» **ASSIGNED TASK**: Your task is to repeat exactly the lines below between the line holding "A kúria egyik gazdasági épülete, mint iskola" and the line holding "JARDIN EXTRABORDINAIRE - Vieux-Habitants", inclusive, and only those.

********************

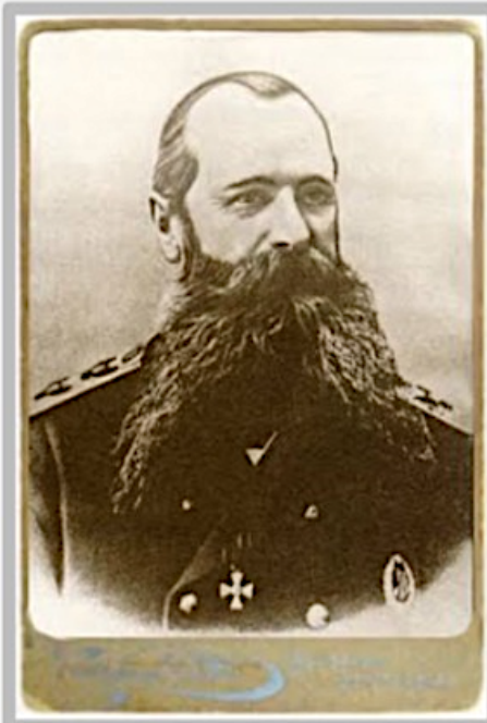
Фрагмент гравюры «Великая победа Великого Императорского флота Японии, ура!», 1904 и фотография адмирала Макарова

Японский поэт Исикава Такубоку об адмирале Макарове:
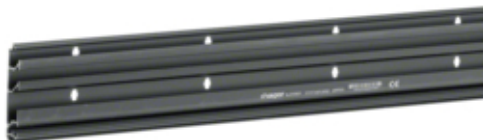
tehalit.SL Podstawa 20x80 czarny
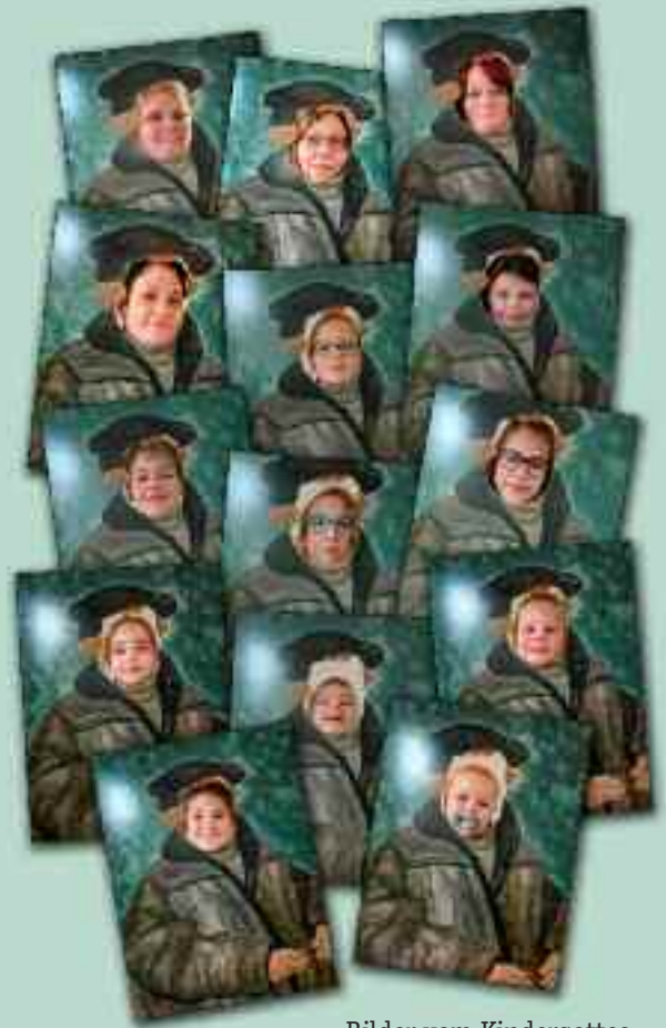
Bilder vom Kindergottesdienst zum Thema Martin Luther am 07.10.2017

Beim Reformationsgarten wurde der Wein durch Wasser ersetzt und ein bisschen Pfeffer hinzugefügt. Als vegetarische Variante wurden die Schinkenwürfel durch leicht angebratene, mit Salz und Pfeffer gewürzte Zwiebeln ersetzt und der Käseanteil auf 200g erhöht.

********************

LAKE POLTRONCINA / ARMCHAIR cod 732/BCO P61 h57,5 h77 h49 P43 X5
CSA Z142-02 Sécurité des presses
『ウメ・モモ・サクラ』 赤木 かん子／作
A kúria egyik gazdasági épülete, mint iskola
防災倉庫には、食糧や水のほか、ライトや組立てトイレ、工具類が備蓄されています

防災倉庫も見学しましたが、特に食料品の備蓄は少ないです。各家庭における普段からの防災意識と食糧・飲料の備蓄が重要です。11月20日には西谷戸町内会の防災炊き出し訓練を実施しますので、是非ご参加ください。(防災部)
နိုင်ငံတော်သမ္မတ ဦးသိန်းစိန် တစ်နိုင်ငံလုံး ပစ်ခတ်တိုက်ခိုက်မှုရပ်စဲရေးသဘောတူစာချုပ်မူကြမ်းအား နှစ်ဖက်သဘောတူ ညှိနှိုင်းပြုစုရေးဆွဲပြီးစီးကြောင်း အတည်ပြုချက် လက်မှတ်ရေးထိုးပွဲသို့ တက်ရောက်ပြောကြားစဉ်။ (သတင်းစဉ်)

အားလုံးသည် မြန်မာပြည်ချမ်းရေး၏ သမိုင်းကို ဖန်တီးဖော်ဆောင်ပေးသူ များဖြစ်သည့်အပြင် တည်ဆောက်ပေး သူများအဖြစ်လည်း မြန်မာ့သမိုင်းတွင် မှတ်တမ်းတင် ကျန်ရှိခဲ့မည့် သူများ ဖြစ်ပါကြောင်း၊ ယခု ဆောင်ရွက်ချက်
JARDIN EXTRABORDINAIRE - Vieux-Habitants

********************

» **SOLUTION TO THIS PROBLEM**:
A kúria egyik gazdasági épülete, mint iskola
防災倉庫には、食糧や水のほか、ライトや組立てトイレ、工具類が備蓄されています

防災倉庫も見学しましたが、特に食料品の備蓄は少ないです。各家庭における普段からの防災意識と食糧・飲料の備蓄が重要です。11月20日には西谷戸町内会の防災炊き出し訓練を実施しますので、是非ご参加ください。(防災部)
နိုင်ငံတော်သမ္မတ ဦးသိန်းစိန် တစ်နိုင်ငံလုံး ပစ်ခတ်တိုက်ခိုက်မှုရပ်စဲရေးသဘောတူစာချုပ်မူကြမ်းအား နှစ်ဖက်သဘောတူ ညှိနှိုင်းပြုစုရေးဆွဲပြီးစီးကြောင်း အတည်ပြုချက် လက်မှတ်ရေးထိုးပွဲသို့ တက်ရောက်ပြောကြားစဉ်။ (သတင်းစဉ်)

အားလုံးသည် မြန်မာပြည်ချမ်းရေး၏ သမိုင်းကို ဖန်တီးဖော်ဆောင်ပေးသူ များဖြစ်သည့်အပြင် တည်ဆောက်ပေး သူများအဖြစ်လည်း မြန်မာ့သမိုင်းတွင် မှတ်တမ်းတင် ကျန်ရှိခဲ့မည့် သူများ ဖြစ်ပါကြောင်း၊ ယခု ဆောင်ရွက်ချက်
JARDIN EXTRABORDINAIRE - Vieux-Habitants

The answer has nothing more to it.